(STUDY MATERIAL begins)

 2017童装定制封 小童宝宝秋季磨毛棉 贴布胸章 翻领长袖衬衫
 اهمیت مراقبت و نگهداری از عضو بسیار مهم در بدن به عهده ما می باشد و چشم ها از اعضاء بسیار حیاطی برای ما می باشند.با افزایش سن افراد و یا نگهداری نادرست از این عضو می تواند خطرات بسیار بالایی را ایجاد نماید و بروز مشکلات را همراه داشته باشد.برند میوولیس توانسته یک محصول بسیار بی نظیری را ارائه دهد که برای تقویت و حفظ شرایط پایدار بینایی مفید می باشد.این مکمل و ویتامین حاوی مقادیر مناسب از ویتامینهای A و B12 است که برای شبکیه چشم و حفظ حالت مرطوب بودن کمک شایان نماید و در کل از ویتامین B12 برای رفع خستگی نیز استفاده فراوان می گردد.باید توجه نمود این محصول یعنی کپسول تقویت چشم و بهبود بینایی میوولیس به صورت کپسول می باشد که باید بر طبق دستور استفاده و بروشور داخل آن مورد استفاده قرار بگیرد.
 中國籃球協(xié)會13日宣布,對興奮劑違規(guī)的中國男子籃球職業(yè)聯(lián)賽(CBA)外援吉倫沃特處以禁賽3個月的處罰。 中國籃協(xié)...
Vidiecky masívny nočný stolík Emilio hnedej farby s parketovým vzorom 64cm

(STUDY MATERIAL ends)
(STUDY MATERIAL begins)

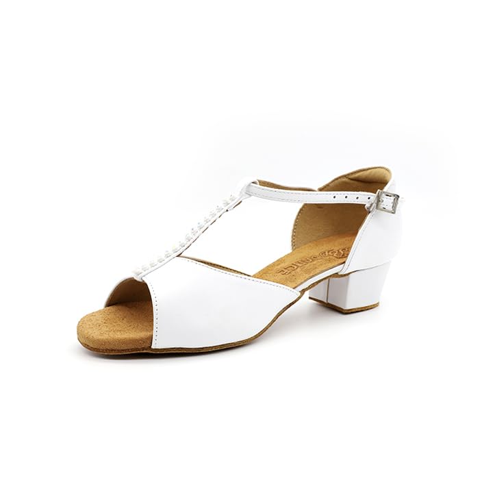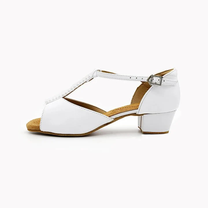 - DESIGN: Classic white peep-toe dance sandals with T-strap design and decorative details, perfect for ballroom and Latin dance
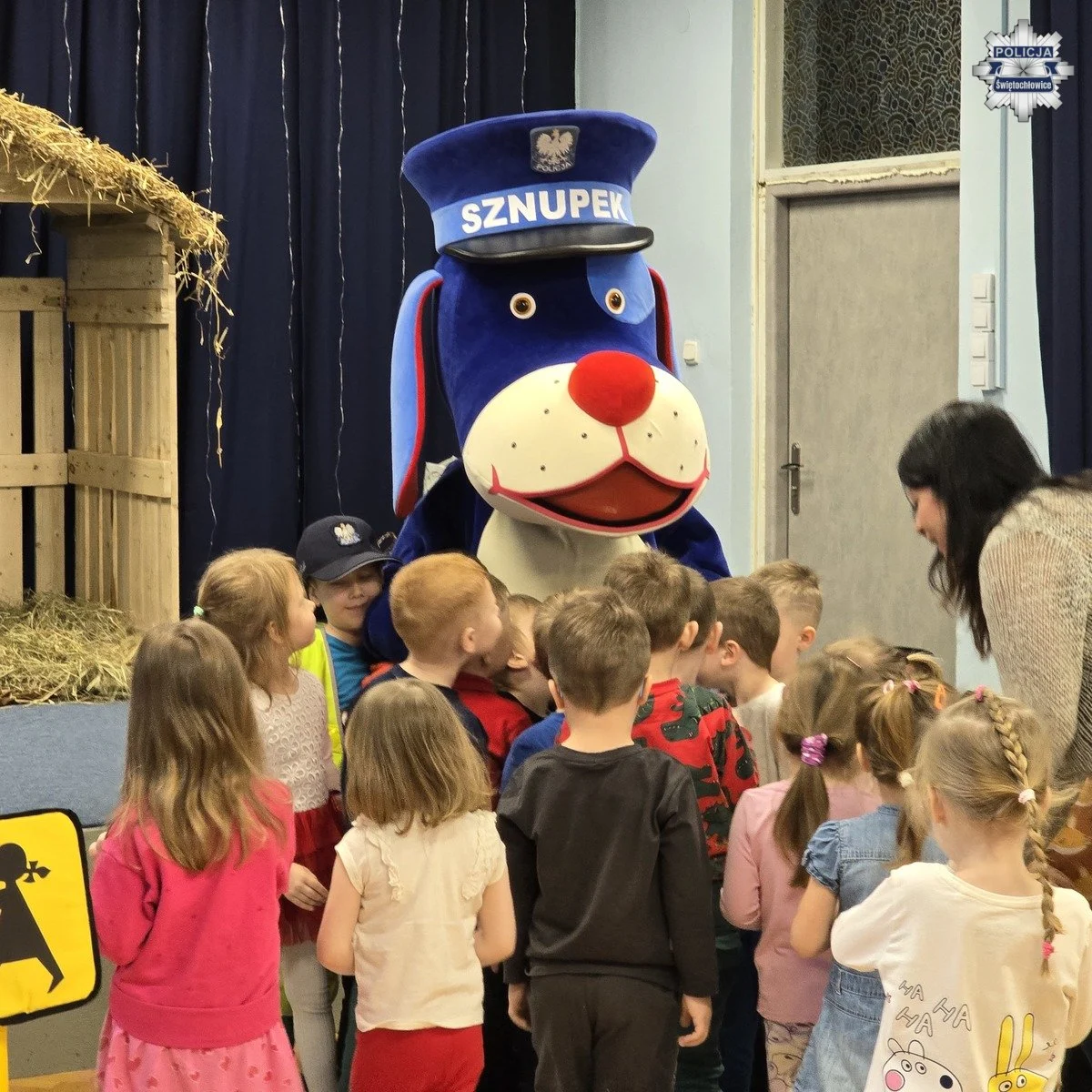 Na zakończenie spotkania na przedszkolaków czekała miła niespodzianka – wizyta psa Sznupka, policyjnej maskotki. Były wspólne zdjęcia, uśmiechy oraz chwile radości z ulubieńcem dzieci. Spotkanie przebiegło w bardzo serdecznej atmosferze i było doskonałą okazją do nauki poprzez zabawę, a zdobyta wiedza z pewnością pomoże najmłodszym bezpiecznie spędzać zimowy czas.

(STUDY MATERIAL ends)

◆ BRIEF ◆
Above this instruction are the records; retype exactly the lines from the one containing "2017童装定制封 小童宝宝秋季磨毛棉 贴布胸章 翻领长袖衬衫" up to and including the one containing "中國籃球協(xié)會13日".

◆ SOLUTION FOR THIS EXERCISE ◆
 2017童装定制封 小童宝宝秋季磨毛棉 贴布胸章 翻领长袖衬衫
 اهمیت مراقبت و نگهداری از عضو بسیار مهم در بدن به عهده ما می باشد و چشم ها از اعضاء بسیار حیاطی برای ما می باشند.با افزایش سن افراد و یا نگهداری نادرست از این عضو می تواند خطرات بسیار بالایی را ایجاد نماید و بروز مشکلات را همراه داشته باشد.برند میوولیس توانسته یک محصول بسیار بی نظیری را ارائه دهد که برای تقویت و حفظ شرایط پایدار بینایی مفید می باشد.این مکمل و ویتامین حاوی مقادیر مناسب از ویتامینهای A و B12 است که برای شبکیه چشم و حفظ حالت مرطوب بودن کمک شایان نماید و در کل از ویتامین B12 برای رفع خستگی نیز استفاده فراوان می گردد.باید توجه نمود این محصول یعنی کپسول تقویت چشم و بهبود بینایی میوولیس به صورت کپسول می باشد که باید بر طبق دستور استفاده و بروشور داخل آن مورد استفاده قرار بگیرد.
 中國籃球協(xié)會13日宣布,對興奮劑違規(guī)的中國男子籃球職業(yè)聯(lián)賽(CBA)外援吉倫沃特處以禁賽3個月的處罰。 中國籃協(xié)...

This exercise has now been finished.